#### EXCERPTED DATA
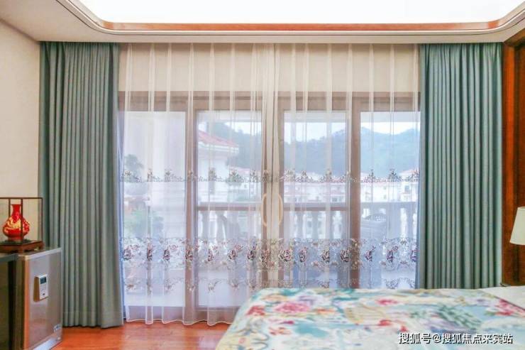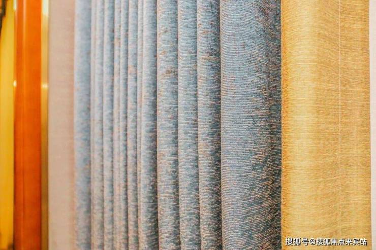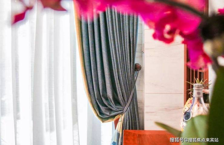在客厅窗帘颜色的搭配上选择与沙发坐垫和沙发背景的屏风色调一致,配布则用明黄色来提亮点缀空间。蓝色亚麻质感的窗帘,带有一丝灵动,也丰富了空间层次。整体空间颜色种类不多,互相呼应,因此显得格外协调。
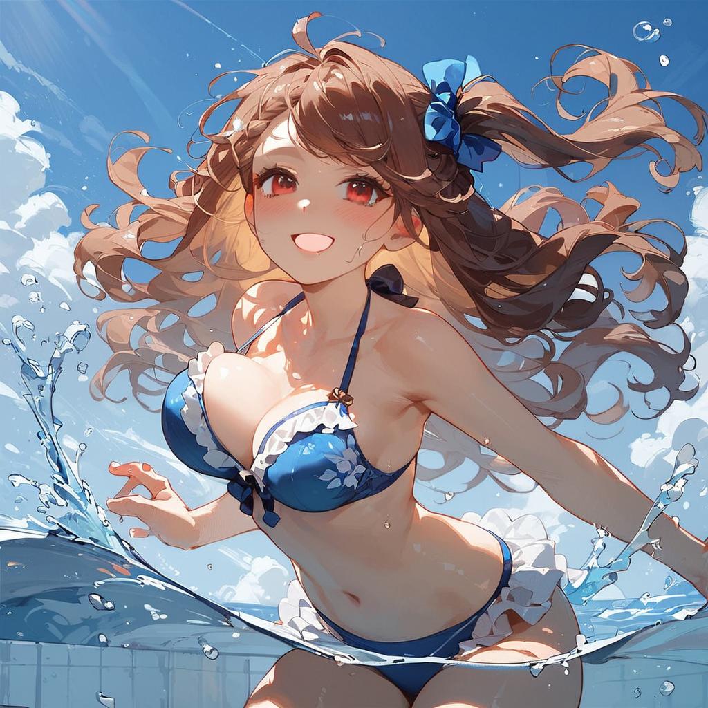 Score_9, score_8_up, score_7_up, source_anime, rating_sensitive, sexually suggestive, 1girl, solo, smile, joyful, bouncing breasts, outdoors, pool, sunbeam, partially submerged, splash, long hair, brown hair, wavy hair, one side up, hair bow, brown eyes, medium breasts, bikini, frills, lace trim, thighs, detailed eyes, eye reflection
########
#### EXCERPTED DATA
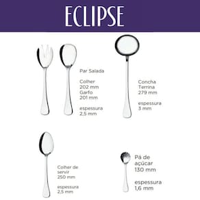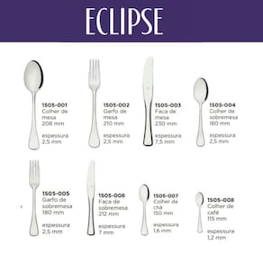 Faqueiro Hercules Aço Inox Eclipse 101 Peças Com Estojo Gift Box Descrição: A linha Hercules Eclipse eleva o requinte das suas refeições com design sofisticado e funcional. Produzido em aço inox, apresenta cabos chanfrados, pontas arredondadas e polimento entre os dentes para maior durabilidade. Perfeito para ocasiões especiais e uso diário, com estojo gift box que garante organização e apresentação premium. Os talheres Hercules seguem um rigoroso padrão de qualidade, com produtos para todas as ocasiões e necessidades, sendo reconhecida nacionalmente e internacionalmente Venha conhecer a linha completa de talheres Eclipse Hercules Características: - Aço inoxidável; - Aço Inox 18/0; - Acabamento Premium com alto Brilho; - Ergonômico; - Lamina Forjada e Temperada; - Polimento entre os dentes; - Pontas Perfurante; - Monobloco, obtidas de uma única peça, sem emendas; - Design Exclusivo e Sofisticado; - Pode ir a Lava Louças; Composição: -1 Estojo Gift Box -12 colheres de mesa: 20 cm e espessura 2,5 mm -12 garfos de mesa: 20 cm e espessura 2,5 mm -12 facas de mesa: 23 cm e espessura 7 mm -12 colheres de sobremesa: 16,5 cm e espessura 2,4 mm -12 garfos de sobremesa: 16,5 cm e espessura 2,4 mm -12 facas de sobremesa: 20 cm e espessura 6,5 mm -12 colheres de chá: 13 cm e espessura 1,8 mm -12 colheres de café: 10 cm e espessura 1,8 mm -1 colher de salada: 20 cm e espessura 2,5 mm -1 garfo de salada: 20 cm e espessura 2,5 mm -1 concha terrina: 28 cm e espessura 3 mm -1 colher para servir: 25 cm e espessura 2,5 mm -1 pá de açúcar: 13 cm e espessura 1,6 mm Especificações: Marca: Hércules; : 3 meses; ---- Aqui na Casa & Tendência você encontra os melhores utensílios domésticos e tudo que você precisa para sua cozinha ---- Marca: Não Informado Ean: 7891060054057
########
WHAT IS BEING ASKED
Above are the records; please give again, exactly and in full, only the lines that run from the line with "在客厅窗帘颜色的搭配上选择与" through the line with "eyes, eye reflection", with no pictures.

RESULT OF THE EXERCISE
在客厅窗帘颜色的搭配上选择与沙发坐垫和沙发背景的屏风色调一致,配布则用明黄色来提亮点缀空间。蓝色亚麻质感的窗帘,带有一丝灵动,也丰富了空间层次。整体空间颜色种类不多,互相呼应,因此显得格外协调。
 Score_9, score_8_up, score_7_up, source_anime, rating_sensitive, sexually suggestive, 1girl, solo, smile, joyful, bouncing breasts, outdoors, pool, sunbeam, partially submerged, splash, long hair, brown hair, wavy hair, one side up, hair bow, brown eyes, medium breasts, bikini, frills, lace trim, thighs, detailed eyes, eye reflection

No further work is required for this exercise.